Measuring GSK3 Expression and Activity in Cells
Glycogen synthase kinase (GSK)-3 is a key signalling intermediate in the action of Wnts. This protein kinase is ubiquitously expressed and has high inherent activity but is inhibited by activation of Wnt signalling or activation of growth factor receptor tyrosine kinases (e.g. insulin, nerve growth factor [NGF], platelet-derived growth factor [PDGF], etc.). The degree of inhibition of GSK3 in cells treated with such reagents is dependent on the cell type and the stimulus used. Therefore, the ability to accurately measure GSK3 activity in cells is an important aspect of GSK3 research. The activity of GSK3 is reduced by posttranslational modi fication (phosphorylation) and this can be measured by immunoblot with specific reagents (indirect), or by immunoprecipitation and assay (direct), as long as the modification is protected during these procedures. However, inhibition by phosphorylation is specific to cellular activation by growth factors and nutrients. Wnt inhibition of GSK3 does not involve phosphorylation of these residues on GSK3 and therefore it can not be measured using this modification.
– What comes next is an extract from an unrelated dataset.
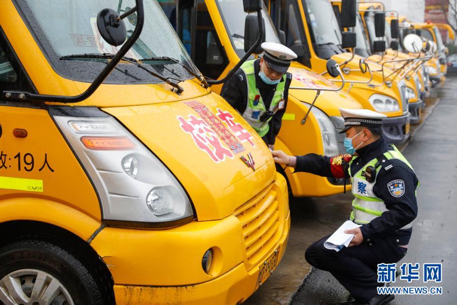 2月28日,平顶山市公安局城乡一体化示范区分局民警对辖区内的校车进行安全检查。

Currently, the simplest way to assess Wnt inhibition of GSK3 is to monitor phosphorylation of specific GSK3 substrates in cells (e.g. β-catenin). Alternatively, Wnt inhibition of GSK3 can be measured by partial purification of cellular GSK3 by ion exchange chromatography and assay of fractions or possibly by immunoprecipitation and assay. In this chapter, we demonstrate the use of the different approaches to measure GSK3 activity in SH-SY5Y cells, describe the best antibodies currently available, and discuss the potential drawbacks of each method.
Key wordsGSK3 Wnt Assay Phosphorylation Growth factor
This work was supported by the Alzheimer's Research Trust and Diabetes UK.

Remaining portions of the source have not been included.